▶ **Stored data entries**
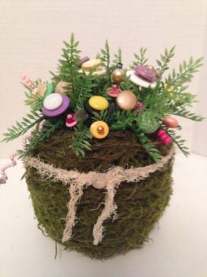 VTG Button Bouquet/Mossy Planter-Spring Country Prim Shabby Cottage Chic Decor
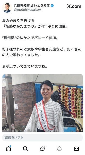 兵庫県知事の斎藤元彦は、西脇市のNPOから提供された播州織の浴衣2種類(黒と白)のどちらが祭りにふさわしいか迷っていた。
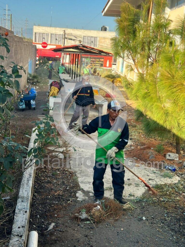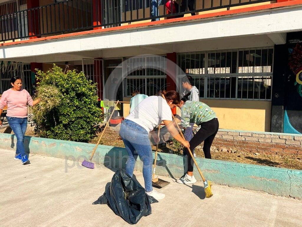 Al interior de la Secundaria Técnica, maestros, padres de familia y alumnos, se sumaron a las tareas de limpieza, realizadas por el personal de Ayuntamiento, limpiando las instalaciones y áreas verdes de la escuela, además de realizar el retiro de escombro y basura.
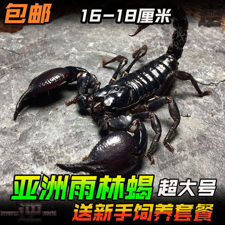 亚洲雨林蝎超大宠物黑蝎子活体18cm温顺无毒可上手爬虫送套餐包活
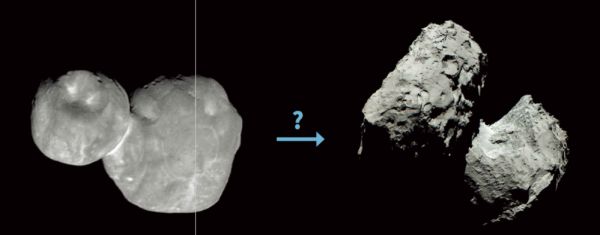 彗星的形成 经过多年的观察和计算,天文学家推断类似“天空”的柯伊伯带原始天体(左)变成了木星家族彗星67P/ 丘留莫夫-格拉西缅科彗星(右)。问题是,处于过渡期的天体是什么样子的?

▶ **Work instruction**
What is needed is a word-for-word restatement of the lines from the one holding "Al interior de" to the final line of the data above, inclusive, without any pictures.

▶ **Task output**
 Al interior de la Secundaria Técnica, maestros, padres de familia y alumnos, se sumaron a las tareas de limpieza, realizadas por el personal de Ayuntamiento, limpiando las instalaciones y áreas verdes de la escuela, además de realizar el retiro de escombro y basura.
 亚洲雨林蝎超大宠物黑蝎子活体18cm温顺无毒可上手爬虫送套餐包活
 彗星的形成 经过多年的观察和计算,天文学家推断类似“天空”的柯伊伯带原始天体(左)变成了木星家族彗星67P/ 丘留莫夫-格拉西缅科彗星(右)。问题是,处于过渡期的天体是什么样子的?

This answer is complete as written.